Suppose I have a class Foobar.

I might be able to read a Foobar record using code that looks like this:
  Foobar foobar = Database.Read<Foobar>(foobarId);

I might be able to see if Foobar record exists using code like this:
  if ( Database.Exists<Foobar>(foobarId) ) { ... }

I might be able to write a Foobar record list this:
  Database.Write<Foobar>(foobar);

Or, this (as the type can be determined from the parameter):
  Database.Write(foobar);

And I could delete like this:
  Database.Delete<Foobar>(foobarId);

Questions
Would this give me compile-time information for the foobarId parameter?  If a key for a particular table was comprised of multiple values, would a params parameter be adequate? Or, would a multiple-type generic be better (e.g., Database.Delete<T, P1, P2>(P1 a1, P2 a2))?

Script Generation
Even with the generic type doing all the work, the database creation and conversion scripts would still need be be generated from the type ... but the compiled type could be used to generate this information rather than some other file format.

Database Identifier
I would still need to pass in a database identifier as well.

Generating the Code

Essential Information
The following information is necessary to generate the rest of the code:
  • database identifier
  • class/table name
  • fields - name, type & purpose
Conversion Script
In order to generate the conversion script, the previous version of this information will also be necessary.  If multiple previous version are currently in use, a conversion script can be generated for each of the previous versions in use.

Database Identifier
The database identifier tells which which connection string to pull from the configuration file.
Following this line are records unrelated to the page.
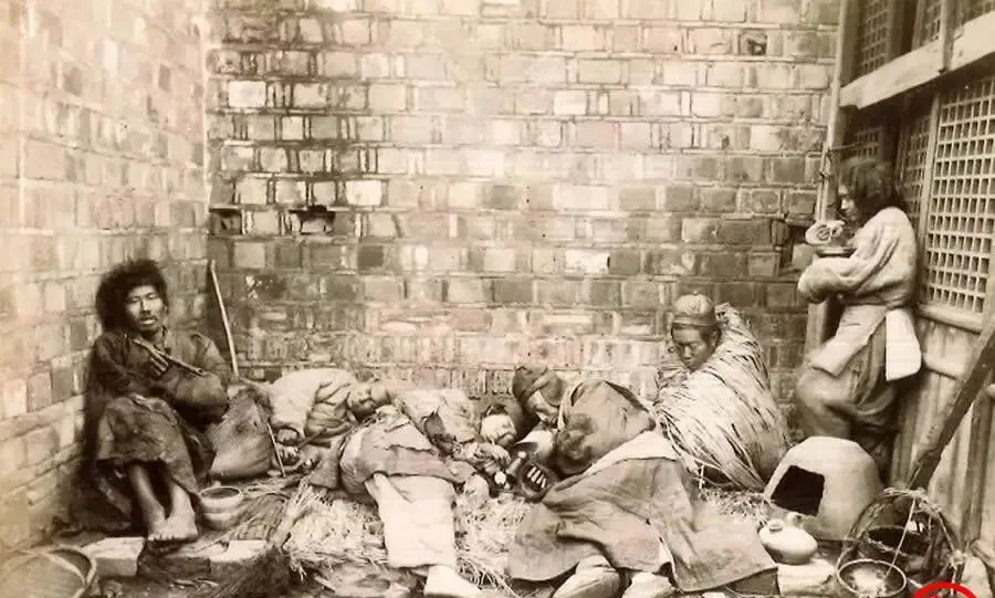 晚清老照片:青楼女子坐在嫖客大腿上,街头商户被迫插日本膏药旗。
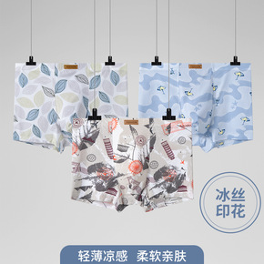 莫代尔男士内裤男冰丝无痕印花男四角内裤薄款透气短裤...
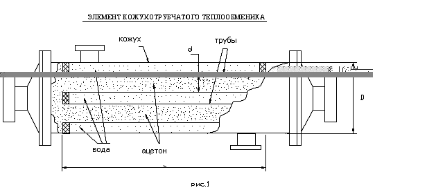 Задание для расчета. Определить требуемые площадь поверхности теплообмена кожухотрубчатого теплообменного аппарата (рис.1.) и суммарную на прокачивание теплоностителей по его каналам N для охлаждения горячего теплоносителя с массовым расходом температуры t1’ на входе в теплообменный аппарат до температуры t1” на выходе из него. Температура холодного теплоносителя (воды) изменяется от t2’ на входе в теплообменный аппарат до t2’’ на выходе из него. Горячий теплоноситель движется внутри n труб с внутренним диаметром d равным 14 мм. Толщина стенки труб равна 1мм. Вода обтекает трубы теплообменного аппарата снаружи продольно, двигаясь в межтрубном кнале, образованном поверхностями труб и кожухом с внутренним диаметром D.
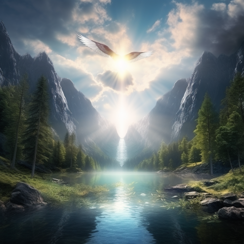 please create me an ultra realistic photo of a beautiful breathtaking scenery with an angelic touch to it
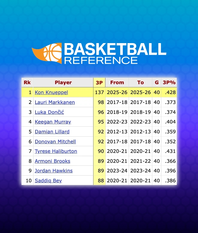 在生涯前40场比赛中,克尼佩尔投进137记三分,大幅刷新NBA历史生涯前40战三分命中数纪录,排名第二的是马尔卡宁(98记)。
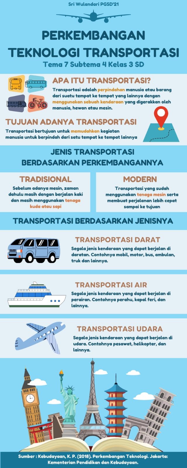 Infografis mengenai materi di kelas 3 perkembangan teknologi transportasi
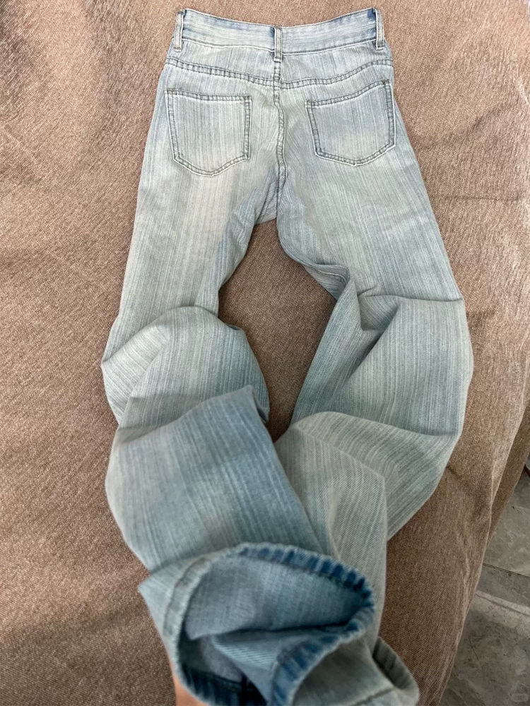 - Quần jeans ống đứng chất liệu tốt dành cho nữ, kiểu mới xuân 2025, size lớn, cạp cao, dáng rộng, che hông, quần ống rộng tôn dáng
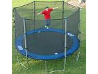 Airzone Spring Trampoline is eight feet in diameter and fits easily in most backyards. Four leg construction provides added stability. Safety enclosure and thick rail padding allow for a safe bouncing environment for the whole family.
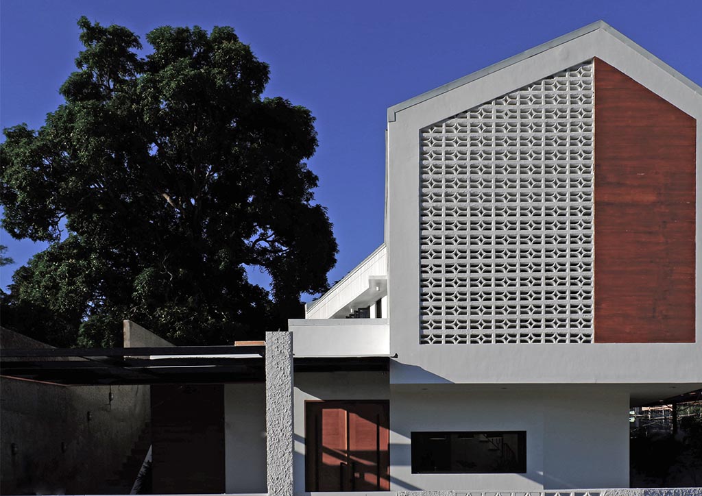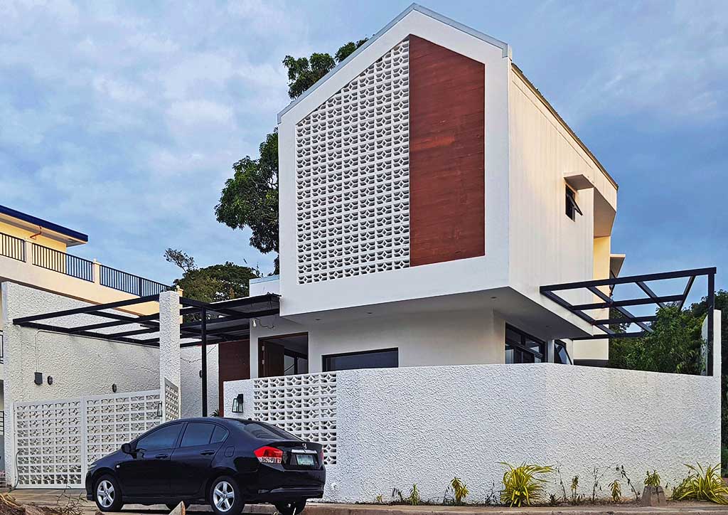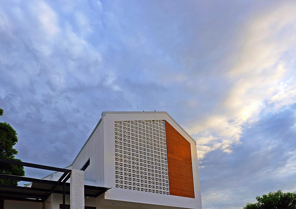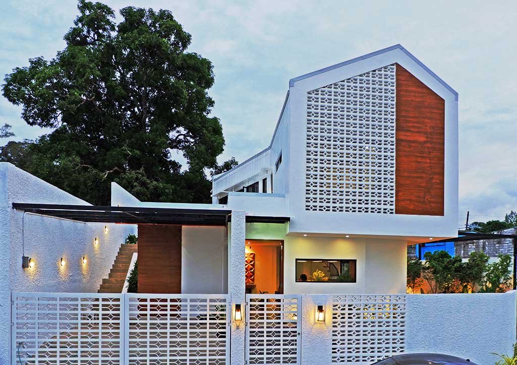 From the outside, onlookers are greeted with the bright and fresh aesthetics of the façade. It exhibits a combination of white painted elements, such as the textured walls, the decorative concrete blocks, and the metal gate that follows the details of the said concrete blocks. These blocks with small openings do not only allow natural air to penetrate but also create an interesting play of light and shadows towards the interiors of the house. Back to the exteriors, the cleanliness of the white elements emphasizes more the wood finishes on both sides, making them the front accents. Also noticeable is the subtle unevenness of the gable roof slopes that caters to the different angles of the sun’s rays during different times of the day.

  connectionString = ConfigurationManager
    .ConnectionStrings[
      ConfigurationManager
        .AppSettings[databaseIdentifier]
    ].ConnectionString;

Class/Table Name
The class/table name tells the name to use for the class in the CS file as well as the table in the database.

Fields
The fields identify the fields of the class and the columns of the table.  The order of these fields determines the order of the columns.

Field Name
The field name is the name of the field and the column.

Field Type
The field type is one of the following: 
  • primitive type - The primitive type is a C# type.  In the case of a string, a length for the database is also included.  
  • enumeration - The names of the enumerated values are also included.
  • other class - The other class needs to exist in order to include the key(s) to that class's table.
Field Purpose
The field purpose is one of the following:
  • passed-in key - the value for the key will be passed into the object constructor
  • code-generated key - the value for the key will be generated in the object constructor using the code provided
  • database-generated key - the value for the key will be generated in the database (this is for auto-incrementing keys)
  • required non-key - the value will be passed into the object constructor - a null value is not allowed
  • optional non-key - the value can be set via a property and will remain null if not provided
Generated Code
The tool can use this information to generate the constructor, private data members, properties and the essential methods (Read, Write, Delete, Exists).  This code will go into a file using the class/table name following this pattern: {classname}.generated.cs. Additional Developer code can go in the corresponding {classname}.supplemental.cs file.  This will allow the {classname}.cs file to be used just for the information essential for generating the rest of the class.  (The source file can, of course, be an XML file or any other file as long as it contains the essential information and the tool can process it.)

Generated SQL Scripts
The tool also generates the .SQL file which contains the database creation script including all of the stored procedures.  This file is called {classname}.sql and can then be included in a master script file for generating the database.

Previous Versions
The tool needs to have the ability to create conversion scripts from previous versions.

Where is the version information recorded?  Does it need to be recorded?

There are several ways to handle the version problem.  An existing database could be compared.  Another input file could be compared.  The generated CS and/or SQL file could be compared.  The input file could have multiple sections with one section for each of the various versions.  I will deal with the version problem at another time.

Dealing with the Database

Here is my current idea on how to deal with the database.

Mark the Class and Fields with Attributes
The Developer creates the class and adds a few attributes.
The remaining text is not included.